What good would it do? It's over. I feel like I've died."
---
"Jon...after
the funeral you pretended like Sam never meant a thing to you. Seemed like
everyone at the school—all those assholes who didn't give a flying
fuck about
Palmiteri—they all acted like he was their best friend. You didn't even
think about him."
Jon
moved uncomfortably under his blankets and kept his pensive gaze fixed to the
ceiling. He exhaled deeply, nervously, like he'd been led to trial.
"I
think about him a lot," he said, finally. "I didn't like how thinking about it
made me feel, so I shut it off. And, one day, I realized I couldn't pretend any
longer. I knew him well—I mean, I didn't spend too much time with him the
last couple years, but for a while it was us three...you know, until he got cut
from the team."
"Sad
how those things go."
Jon
didn't seem to hear.
"I
really did know him pretty well.

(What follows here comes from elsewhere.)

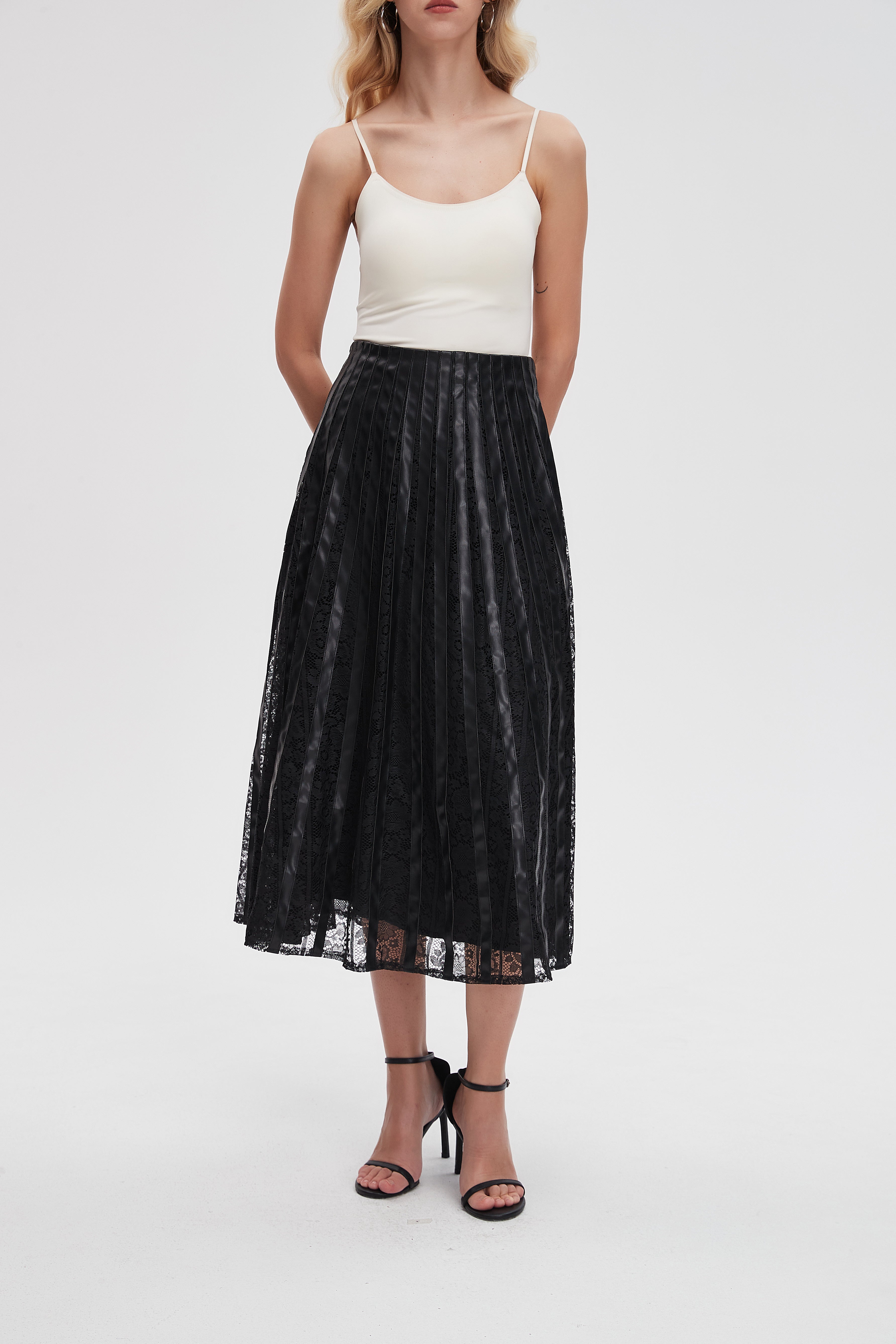 تضفي جيبة ميدي بليسيه بدانتيل لمسة أنثوية ساحرة على إطلالتك اليومية. مصنوعة من خامات عالية الجودة، تتميز هذه الجيبة بتصميمها الفريد الذي يجمع بين الأناقة والراحة. الدانتيل يضيف لمسة من الرقي، بينما يسمح التصميم البليسيه بالحركة السلسة والحرية في التنقل. تتناسب هذه الجيبة مع مختلف الأوقات، سواء في العمل أو اللقاءات الاجتماعية. اجعليها جزءاً من خزانة ملابسك اليوم واحتفظي بإطلالة مميزة. لا تفوتي الفرصة، قومي بطلب جيبتك الآن عبر الإنترنت! رقم المنتج: lv0277w254cz

He stayed at my house in Brooklyn and I talked
to him every time I saw him wandering around campus. I talked to him the day he
died. I have dreams about him sometimes, and he'll be the same old Sam, only I'll
know, in the dream, that he's dead and that even though I'm talking to him—even
though I'm listening to him—something is very wrong, and only when I wake
up do I realize what it is."
---
Sam
couldn't convince the pretty waitress to serve him a beer. Sean couldn't care
less. It was Sam's idea to drive down to Milford for dinner, to try and take
Sean's mind off the girl who'd broken his heart that day. He sat silently
ignoring Sam's jokes and pointless chatter.
"You
know, Sean," said Sam, matter-of-factly, "when I first met you I thought you
were a real asshole."
Sean
looked up, surprised. Sam finally had his attention.
"Yeah...the
first week of fall baseball, out of all the new recruits, you were the last one
who ever talked to me. You were always quiet and serious-looking and you never
smiled. And I just thought, man, that kid is a total dick. You acted like you
thought you were better than anyone else."
"Hm,"
grunted Sean.
"But
then I got to know you...and you're my best friend on the team."
Sean
slowly nodded, a sour frown frozen on his stone face. Sam continued, undeterred
by his friend's non-response.
"I
don't get it, man. I don't know why she ditched you like that. I don't
understand why you have such a bad time with girls. You know...you're a good guy.
Not a scumbag like me. Not like all the guys I live with. You're a nice guy,
Sean. You know that. You're quiet and smart, and, you know...you're just a good
guy," and he spoke embarrassedly, looking downward at his fingers as they
twirled a straw wrapper, visibly startled by his own candor.
Sean
looked at him and nodded. "Fag," he said under his breath, and the two quietly
laughed, waiting for their plates to arrive.